RECALLING AN INCIDENT IN AN OAKLAND COUNTY PARKING LOT
I know I have talked about this once before and my knuckles still itch from making contact with the flesh-covered bone of another human being. And I also know that I wish that Tyler Clementi had someone he knew that he could go to, rather than take that lonely walk on the George Washington Bridge. Sometimes, the pain is too great and it was that pain that pushed him beyond reason.
The kids that set him up, I don't know too much about them other than they are young, from what I consider repressive cultures, and, I think, lacking in any sensitivity or maturity. Not surprising, considering their age. Even giving them that, you would think that they would have enough respect for person NOT to do what they did.
As upset as I am with Dharun Ravi and Molly Wei, I am not all that surprised by what they did. Though I was trying to be a young soldier at their age, when I finally walked unto a college campus, I did not see much difference in the atmosphere. I wonder how many people who are trying to seek a harsher punishment by adding the hate crime enhancer to their criminal act, did not themselves do or know of some equally crappy kind of act, to someone with one degree of separation.
The reason that I brought up my retaliatory assault on the football player who hit on my darling brother, is that I know by having someone who was not only comfortable and non-judgemental about his sexuality (our family, save bat-sh*t crazy Jan), he knew that he could come home and that he would have support. Could it have been that not everyone was as completely comfortable with Tyler at home, that he did not think of first calling a family member and sharing his pain and hurt with them? Hey, I am jus' sayin'... cause if someone I know and love let me know someone had did something like that to them...
As far as the perpetrators, I am so like, 'come on'. I don't think the enhancement was meant for this kind of case, I really don't. What they did was terrible and showed how little lack of judgement that even the most academically successful person can have (unlike the blissful stupidity of many in the Tea Bag movement... that is SO another story and over at Nutwood, you would get a better fix on how banal the Tea Baggers can be).
AND I WILL BE TAKING MINE TO GO, IF YOU DON'T MIND
Did I mention that I will be leaving for Omaha the weekend of the 9th-10th of October. I will be going to the Amtrak station in Dearborn to make sure I read everything on the web site correctly about shipping my bike. I already have a box and they will take it along with me for only $10?? Can't beat that with a peppermint stick!!
I have ridden trains in Europe and in Korea, but not in the US. They will let my bags come with me for free and even if I were to bring more, the fees are more than reasonable. The convenience factor over a bus ride is pretty much negligble, a few more dollars saved but a less than desired arrival tme. Eh, no big whoop.
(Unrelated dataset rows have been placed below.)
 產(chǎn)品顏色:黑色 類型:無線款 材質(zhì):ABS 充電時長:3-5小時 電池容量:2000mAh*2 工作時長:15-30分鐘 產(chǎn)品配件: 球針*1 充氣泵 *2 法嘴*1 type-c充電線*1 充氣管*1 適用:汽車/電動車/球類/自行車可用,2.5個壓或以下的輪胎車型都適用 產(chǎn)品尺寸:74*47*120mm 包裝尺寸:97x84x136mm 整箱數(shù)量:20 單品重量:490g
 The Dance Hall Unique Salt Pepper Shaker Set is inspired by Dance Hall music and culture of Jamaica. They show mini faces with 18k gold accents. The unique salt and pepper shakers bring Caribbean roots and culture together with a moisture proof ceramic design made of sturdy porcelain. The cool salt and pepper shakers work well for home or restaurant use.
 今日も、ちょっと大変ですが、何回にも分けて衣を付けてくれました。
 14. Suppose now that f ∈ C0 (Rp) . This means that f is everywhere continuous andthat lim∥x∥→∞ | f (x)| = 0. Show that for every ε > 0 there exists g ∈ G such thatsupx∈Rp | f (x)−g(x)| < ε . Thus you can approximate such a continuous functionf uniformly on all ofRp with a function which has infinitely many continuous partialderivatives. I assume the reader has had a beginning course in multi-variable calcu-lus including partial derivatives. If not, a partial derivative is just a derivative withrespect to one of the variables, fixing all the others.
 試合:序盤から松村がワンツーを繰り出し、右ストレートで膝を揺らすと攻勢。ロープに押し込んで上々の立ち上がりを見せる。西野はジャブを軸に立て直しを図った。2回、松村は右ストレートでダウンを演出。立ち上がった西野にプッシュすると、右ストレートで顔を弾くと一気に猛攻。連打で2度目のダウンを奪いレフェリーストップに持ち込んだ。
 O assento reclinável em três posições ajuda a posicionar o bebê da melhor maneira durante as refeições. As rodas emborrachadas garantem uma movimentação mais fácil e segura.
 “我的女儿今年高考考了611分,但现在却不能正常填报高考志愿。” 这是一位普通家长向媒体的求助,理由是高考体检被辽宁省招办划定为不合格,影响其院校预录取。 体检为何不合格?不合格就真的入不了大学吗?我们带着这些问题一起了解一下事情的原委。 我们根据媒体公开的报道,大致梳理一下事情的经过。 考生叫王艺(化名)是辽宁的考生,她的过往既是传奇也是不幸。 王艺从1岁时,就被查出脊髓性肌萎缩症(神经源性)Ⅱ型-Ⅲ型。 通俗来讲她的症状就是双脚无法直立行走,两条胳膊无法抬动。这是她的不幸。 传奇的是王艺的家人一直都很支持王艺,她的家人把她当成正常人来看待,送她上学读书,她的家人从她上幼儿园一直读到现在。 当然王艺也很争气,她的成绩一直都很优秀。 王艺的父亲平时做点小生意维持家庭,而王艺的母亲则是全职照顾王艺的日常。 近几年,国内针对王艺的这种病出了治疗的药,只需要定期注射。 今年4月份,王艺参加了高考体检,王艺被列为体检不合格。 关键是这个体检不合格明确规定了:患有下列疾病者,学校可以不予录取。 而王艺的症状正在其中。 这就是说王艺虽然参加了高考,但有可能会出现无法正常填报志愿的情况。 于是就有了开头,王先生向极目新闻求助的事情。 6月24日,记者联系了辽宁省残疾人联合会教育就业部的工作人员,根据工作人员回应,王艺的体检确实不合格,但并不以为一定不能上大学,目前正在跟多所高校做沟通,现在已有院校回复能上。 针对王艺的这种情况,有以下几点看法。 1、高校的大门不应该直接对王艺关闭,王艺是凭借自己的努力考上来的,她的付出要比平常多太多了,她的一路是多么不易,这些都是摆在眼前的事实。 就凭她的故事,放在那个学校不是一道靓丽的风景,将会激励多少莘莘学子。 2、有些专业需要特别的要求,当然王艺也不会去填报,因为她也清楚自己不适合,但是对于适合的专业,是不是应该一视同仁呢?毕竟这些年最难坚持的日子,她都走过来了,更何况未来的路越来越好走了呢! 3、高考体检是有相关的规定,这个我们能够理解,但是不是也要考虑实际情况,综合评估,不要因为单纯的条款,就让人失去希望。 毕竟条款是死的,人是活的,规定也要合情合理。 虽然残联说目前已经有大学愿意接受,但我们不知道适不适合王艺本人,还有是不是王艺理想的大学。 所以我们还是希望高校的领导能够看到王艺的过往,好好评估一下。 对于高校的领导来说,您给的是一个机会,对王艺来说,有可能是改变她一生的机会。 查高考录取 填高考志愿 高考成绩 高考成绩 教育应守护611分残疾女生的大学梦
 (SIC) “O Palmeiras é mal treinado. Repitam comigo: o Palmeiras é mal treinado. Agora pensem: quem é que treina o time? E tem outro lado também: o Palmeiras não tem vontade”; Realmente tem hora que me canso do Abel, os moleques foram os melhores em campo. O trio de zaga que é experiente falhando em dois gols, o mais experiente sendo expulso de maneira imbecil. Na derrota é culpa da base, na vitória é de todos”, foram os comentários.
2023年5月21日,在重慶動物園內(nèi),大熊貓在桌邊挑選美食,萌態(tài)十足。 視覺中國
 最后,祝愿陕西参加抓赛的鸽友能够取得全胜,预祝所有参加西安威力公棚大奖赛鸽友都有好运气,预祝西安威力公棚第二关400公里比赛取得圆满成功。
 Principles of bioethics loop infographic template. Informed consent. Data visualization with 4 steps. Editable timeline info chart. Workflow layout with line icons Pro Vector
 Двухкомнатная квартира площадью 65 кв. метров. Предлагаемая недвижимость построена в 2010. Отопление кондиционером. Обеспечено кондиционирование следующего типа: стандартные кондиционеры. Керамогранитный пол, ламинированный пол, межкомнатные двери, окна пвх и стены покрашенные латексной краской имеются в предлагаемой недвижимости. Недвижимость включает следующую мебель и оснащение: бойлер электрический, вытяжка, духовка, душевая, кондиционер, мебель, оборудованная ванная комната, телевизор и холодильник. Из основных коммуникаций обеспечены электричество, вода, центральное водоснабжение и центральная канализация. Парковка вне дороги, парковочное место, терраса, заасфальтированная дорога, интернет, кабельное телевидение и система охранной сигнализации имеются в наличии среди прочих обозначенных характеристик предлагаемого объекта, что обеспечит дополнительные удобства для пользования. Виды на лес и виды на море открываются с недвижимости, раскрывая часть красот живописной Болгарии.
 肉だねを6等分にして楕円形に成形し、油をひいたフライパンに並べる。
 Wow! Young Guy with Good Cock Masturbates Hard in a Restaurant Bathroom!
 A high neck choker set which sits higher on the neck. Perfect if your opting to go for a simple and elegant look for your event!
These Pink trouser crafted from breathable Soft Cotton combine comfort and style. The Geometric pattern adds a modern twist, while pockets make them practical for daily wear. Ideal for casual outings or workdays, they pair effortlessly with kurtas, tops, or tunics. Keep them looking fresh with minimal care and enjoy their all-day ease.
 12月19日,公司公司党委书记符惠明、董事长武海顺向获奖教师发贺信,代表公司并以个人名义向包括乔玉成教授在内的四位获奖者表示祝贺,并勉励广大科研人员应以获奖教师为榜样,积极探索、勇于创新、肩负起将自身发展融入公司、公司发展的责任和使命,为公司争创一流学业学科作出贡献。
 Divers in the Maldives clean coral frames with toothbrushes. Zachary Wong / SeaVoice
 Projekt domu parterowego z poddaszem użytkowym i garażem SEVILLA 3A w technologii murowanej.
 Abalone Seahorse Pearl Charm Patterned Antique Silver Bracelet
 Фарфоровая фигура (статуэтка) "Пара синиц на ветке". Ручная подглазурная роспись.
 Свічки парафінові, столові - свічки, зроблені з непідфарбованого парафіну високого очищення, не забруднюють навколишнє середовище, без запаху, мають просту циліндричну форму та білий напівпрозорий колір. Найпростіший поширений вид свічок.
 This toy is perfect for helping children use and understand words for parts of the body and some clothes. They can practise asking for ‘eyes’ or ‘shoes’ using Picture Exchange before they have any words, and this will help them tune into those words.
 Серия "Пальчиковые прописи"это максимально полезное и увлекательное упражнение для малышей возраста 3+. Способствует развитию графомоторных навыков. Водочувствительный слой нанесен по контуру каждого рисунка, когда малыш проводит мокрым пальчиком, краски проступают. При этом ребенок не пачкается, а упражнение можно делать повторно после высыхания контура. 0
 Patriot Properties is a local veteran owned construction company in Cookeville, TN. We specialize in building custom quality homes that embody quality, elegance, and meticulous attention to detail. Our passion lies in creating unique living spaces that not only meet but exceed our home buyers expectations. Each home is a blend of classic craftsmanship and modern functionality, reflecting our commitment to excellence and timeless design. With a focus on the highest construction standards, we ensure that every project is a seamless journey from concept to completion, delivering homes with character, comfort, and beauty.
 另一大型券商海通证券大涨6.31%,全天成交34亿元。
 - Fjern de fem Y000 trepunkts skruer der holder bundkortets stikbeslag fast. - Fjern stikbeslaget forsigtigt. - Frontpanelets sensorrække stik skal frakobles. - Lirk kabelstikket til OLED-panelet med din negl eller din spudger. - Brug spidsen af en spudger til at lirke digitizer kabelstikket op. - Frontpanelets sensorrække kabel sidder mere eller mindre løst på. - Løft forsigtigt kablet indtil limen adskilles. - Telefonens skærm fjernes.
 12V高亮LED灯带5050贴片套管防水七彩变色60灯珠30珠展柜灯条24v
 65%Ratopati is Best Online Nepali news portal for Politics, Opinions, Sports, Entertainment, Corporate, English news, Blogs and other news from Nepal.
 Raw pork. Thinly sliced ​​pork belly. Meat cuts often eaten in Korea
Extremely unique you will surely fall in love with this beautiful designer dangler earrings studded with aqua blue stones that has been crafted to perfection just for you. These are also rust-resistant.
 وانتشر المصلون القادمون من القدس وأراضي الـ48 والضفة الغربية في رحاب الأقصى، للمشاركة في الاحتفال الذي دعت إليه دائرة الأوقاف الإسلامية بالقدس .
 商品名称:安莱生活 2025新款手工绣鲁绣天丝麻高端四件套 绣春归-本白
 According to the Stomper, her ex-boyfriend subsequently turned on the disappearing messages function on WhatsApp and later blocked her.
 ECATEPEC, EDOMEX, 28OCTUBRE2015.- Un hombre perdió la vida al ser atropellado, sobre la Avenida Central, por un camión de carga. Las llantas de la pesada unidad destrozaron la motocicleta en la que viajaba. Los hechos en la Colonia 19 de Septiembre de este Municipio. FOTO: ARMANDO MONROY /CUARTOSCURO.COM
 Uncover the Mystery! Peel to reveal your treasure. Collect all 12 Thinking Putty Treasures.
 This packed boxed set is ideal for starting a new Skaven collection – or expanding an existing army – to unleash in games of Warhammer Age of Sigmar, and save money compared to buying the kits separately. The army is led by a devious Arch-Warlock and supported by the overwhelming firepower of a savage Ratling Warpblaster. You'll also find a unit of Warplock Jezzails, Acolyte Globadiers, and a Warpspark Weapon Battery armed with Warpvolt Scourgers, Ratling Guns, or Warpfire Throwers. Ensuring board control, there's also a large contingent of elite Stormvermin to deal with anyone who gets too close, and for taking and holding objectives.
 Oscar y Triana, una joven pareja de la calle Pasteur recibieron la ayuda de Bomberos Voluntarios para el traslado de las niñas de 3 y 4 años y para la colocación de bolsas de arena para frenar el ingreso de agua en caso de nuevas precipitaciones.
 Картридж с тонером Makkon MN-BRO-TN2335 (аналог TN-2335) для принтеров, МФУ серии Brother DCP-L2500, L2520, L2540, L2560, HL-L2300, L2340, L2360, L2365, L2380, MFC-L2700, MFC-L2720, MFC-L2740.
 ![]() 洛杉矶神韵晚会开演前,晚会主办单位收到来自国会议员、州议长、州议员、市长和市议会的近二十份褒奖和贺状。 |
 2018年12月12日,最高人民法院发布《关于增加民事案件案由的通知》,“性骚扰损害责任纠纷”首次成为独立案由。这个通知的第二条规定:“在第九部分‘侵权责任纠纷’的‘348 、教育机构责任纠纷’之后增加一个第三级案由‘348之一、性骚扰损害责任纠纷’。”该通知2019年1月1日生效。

Riding around the 'slums of Beverly Hills' and going past spots in Berkley and Royal Oak, fuels specualtion within me that maybe I should stay here, in the Metro proper. Not only that, the sites that I subscribe to for roommates have sent several potential places, in the Motor as well as in the surrounding suburbs, that if the chemistry was there, that they would make a good fit.
Another reason that plays a part in my indecision has been the realization that the Motor looks a lot better to me with one twin getting married in Chicago and the other making a life out of the military. Jan and I were never on real good speaking terms so we will continue to not speak to each other, even after our paths cross at the twins' wedding wedding in November. As long as I care to remember, I have believed that I had to leave to make a life that I wanted. But now I am like, 'what is my motivation?' I really believe that the Metro is going to come back, not like it was but it will be a better place to live.
Riding around and through the different neighborhoods, the word 'gritty' comes to mind because I go by a block with several dilapitdated house and then there is a well-kept house with a manicured lawn. Someone has decided that they will draw the line and be the change that they want for the city. Though I would not want to live inside of the city, I could spot up in any number or the inner ring cities adjacent to Detroit.
SO REALLY... WHAT IS MY MOTIVATION
We don't communicate as well as I would like, Nebraska and I. I am not sure why it bothers me other than the obvious... that we are not going to get along as well as may have been hoped for, but one of the things that does crop up is 'my formula for happiness' (hint, hint, it should be the first quote!). This expectation of mine, that things will 'fall in order' is not some obtuse wish made to an unknown force to in some way aid me. It is more like a mission statement.
Well, it is WAY past my bedtime!! And I have a fitness post for later on in the day over at my other blog. Peace out, y'all!!